Dr Pepper Snapple Group, Inc. (NYSE:DPS) – Shares of the manufacturer of a variety of non-alcoholic beverages rallied 2.45% at the start of the trading session, briefly touching a new 52-week high of $38.93. Bullish options players thirsty for continued appreciation in the price of the underlying stock purchased out-of-the-money call options in the May and June contracts. Near-term optimists picked up 1,300 calls at the May $40 strike for an average premium of $0.25 apiece. Investors long the calls make money if DPS shares jump 3.4% over the new 52-week high of $38.93 to surpass the average breakeven price of $40.25 by May expiration day. Buying interest spread to the June $40 strike where another 1,200 call options were purchased at an average premium of $1.14 per contract. Shares of the beverage maker must rally another 5.7% in order for June $40 strike call coveters to amass profits above the effective breakeven point at $41.14 by expiration day in June. The sharp increase in demand for call options on the stock lifted the overall reading of options implied volatility on DPS some 37.5% to 43.18% as of 10:45 am ET.

Mylan, Inc. (NASDAQ:MYL) – Put options on the global pharmaceutical company engaged in manufacturing and distributing branded and generic drugs are in demand this morning with shares of the underlying stock lower by 1.50% to $20.29. Pessimistic options players anticipating continued share price erosion through June expiration purchased 6,000 in-the-money puts at the June $21 strike for an average premium of $1.00 each. Investors make money on the long put stance should Mylan’s shares slip beneath the average breakeven price of $20.00 ahead of expiration.
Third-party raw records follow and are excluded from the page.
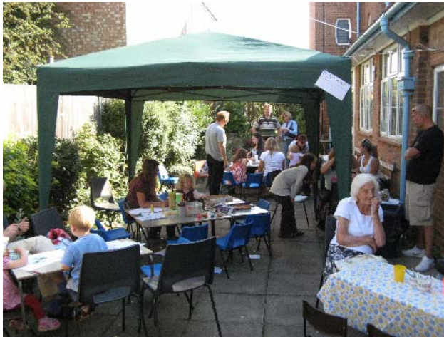
Martin Way Me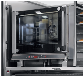
MONO 3-Tray Convection Oven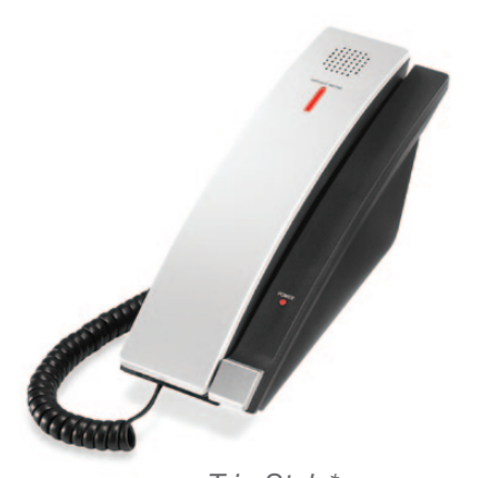
TrimStyle * S2310 | S2320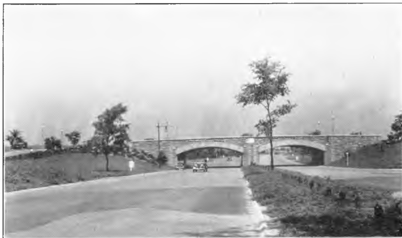
Fig. 7. The Mount Vernon Boulevard with artistic grade separation structure is an excellent example of divided-lane construction.

At intersections at grade, the median strip dividing opposing traffic should be opened up and designed to accommodate the expected traffic that turns and crosses at these points. The width of the median strip combined with the length of opening should safely accommodate vehicles making left turns to and from the inside lanes of the divided highway and should, if possible and feasible, accommodate U-turns. Unnecessarily long openings encourage promiscuous driving and should be avoided. The desirable width of median strip at highway grade crossings is at least 25 feet for P or passenger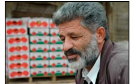
Tomato harvest, West Bank, Palestine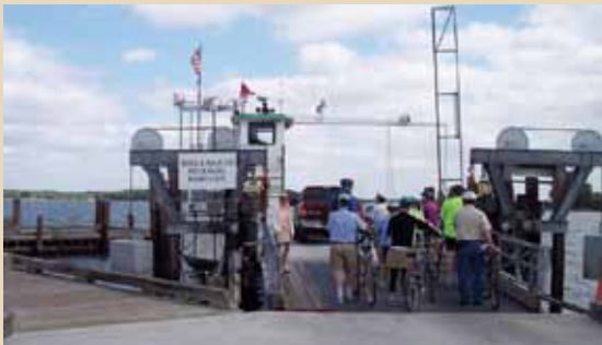
The Oxford Bellevue Ferry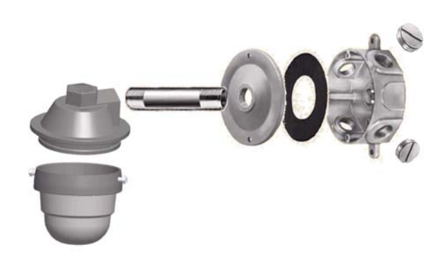
Junction Box Wall Mount RTO-1001

Dialight reserves the right to make changes at any time in order to supply the best product possible. The most current version of this document will always be available at: www.dialight.com/Assets/Brochures_And_Catalogs/Illumination/MDTFCVSLX001.pdf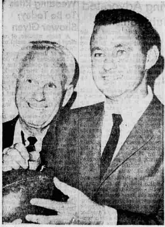
RETIREE—Two of the happiest "retired" men in the world autograph a fan's football after the Philadelphia Eagles 17-13 victory over Green Bay for the National Football league championship. They are Eagle Coach Buck Shaw, left, and quarterback Norm Van Brocklin, who called the game and passed the team to victory. They announced their retirements from pro football after the game.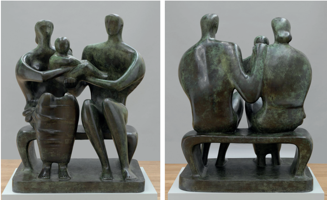
Family Group (1948-49) by Henry Moore bronze sculpture (145 x 118 x 70cm)

5. Analyse the following elements of this sculpture: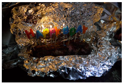
When cake doesn't suit you, it's steak thirty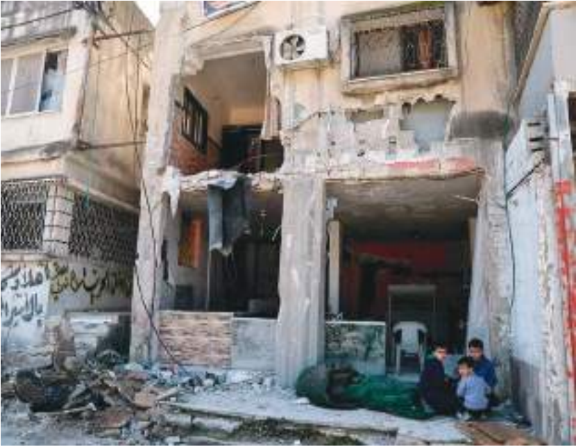
WEST BANK: Children sit near rubble, in the aftermath of an Israeli raid, at Nour Shams camp, in Tulkarm, in the Israeli-occupied West Bank March 21, 2024.

NEW DELHI: New Delhi's Chief Minister Arvind Kejriwal has been arrested. According to Indian media reports, Kejriwal is accused of corruption in the liquor policy. According to Aam Aadmi Party leader Atishi, Arvind Kejriwal was arrested on Thursday in a liquor policy case. The Enforcement Directorate (ED) team visited Arvind Kejriwal's residence today in connection with the liquor policy case. The Enforcement Directorate team also seized 4 or 5 mobile phones and 2 tablets from the Chief Minister's residence.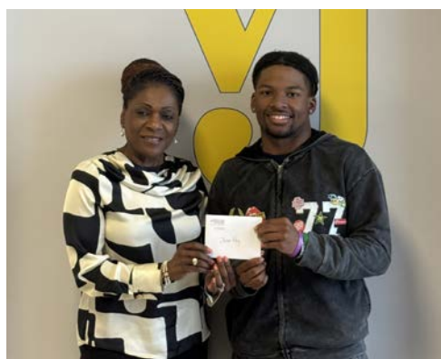
VELMA JACKSON HIGH SCHOOL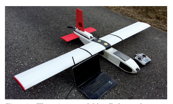
Figure 1 — The equipment used: Maja-D drone, a laptop containing a telemetry link as ground station, and the remote control.

In order to assess whether drones can be used to map human winter activities in protected mountainous areas, we investigated: (1) which technical, aeronautical and environmental conditions allow accurate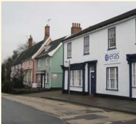
Upper Denmark Street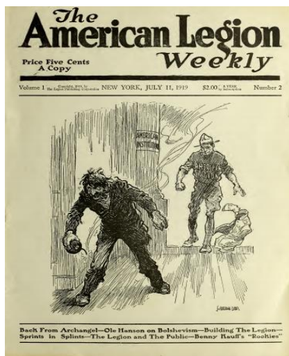
Figure 3. Enemy at the Gates. From American Legion Weekly 1, no. 2 (July 11, 1919).

The second issue of the magazine, the cover of which depicted a gallant Legionnaire sneaking up on a disheveled, foreign-looking man holding a bomb in front of a building labeled “American Institutions,” featured an article written by Ole Hanson, the mayor of Seattle who had become a folk hero for his role in beating back a general strike there. Hanson’s article described the horrors of Bolshevism and the devastation it was wreaking on Europe as well as what it had in store for an insufficiently vigilant America, before firmly declaring that there was no middle ground in the fight against it. Only through martial vigilance and a cooperative, conciliatory attitude between capital and labor could such horrors be averted. For Hanson, only by “fair, square dealing between the employer and the worker, Bolshevism is destroyed.” 59 Eventually, this attitude would come to characterize the ideology of the American Legion. But in its early days, the organization was less interested in a “fair, square deal” between capital and labor and more interested in preserving law and order against any perceived threat.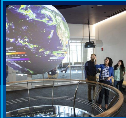
Research and Scholarship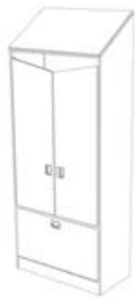
BHW 1000 Slant Door Wardrobe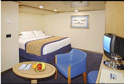
Inside Staterooms: $1,529 - $1,649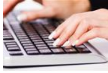
Today's SP Letters to the Editor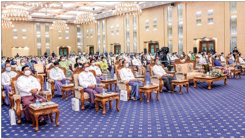
State Administration Council Vice-Chair Deputy Prime Minister Vice-Senior General Soe Win addresses the ceremony to introduce the National Food Safety Policy in Nay Pyi Taw yesterday.

Departments under the Ministry of Agriculture, Livestock, and Irrigation supervise the production of basic foodstuffs in line with the agricultural and livestock practices. Moreover, these departments transfer technologies to producers to abide by the good agriculture practices and issue the certificates. Following the Myanmar GAP will be a per-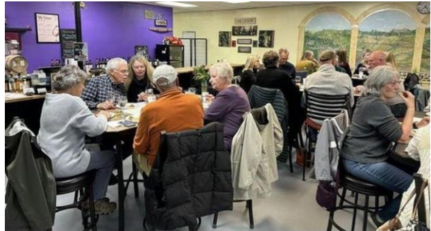
Wine Tasting at Water2Wine, Nov 8, 2023 Sharing some Wine & Snacks

Options investors picked up another 1,800 puts at the lower June $20 strike for an average premium of $0.65 apiece. Lower-strike put purchasers profit if shares of the drug distributor decline 4.6% to breach the average breakeven point to the downside at $19.35 by expiration day in June. Options implied volatility on Mylan is up sharply by 15.8% to 38.30% as of 10:50 pm ET.

Lennar Corp. (NYSE:LEN) – Early morning options activity on homebuilding company, Lennar Corp., appears to be the work of an investor taking profits off the table by closing out a bearish stance on the stock. Lennar’s shares are up 0.15% to $18.45 as of 10:50 am ET. It looks like the options trader originally sold roughly 15,000 calls at the August $22.5 strike for a premium of $1.20 each back on May 4, 2010, when Lennar’s shares were trading at a volume-weighted average price of $19.88. Today, the investor decided to close out the short call position by buying back all 15,000 contracts for an average premium of $0.95 apiece. Net profits on the closing purchase amount to an average of $0.25 in premium per contract.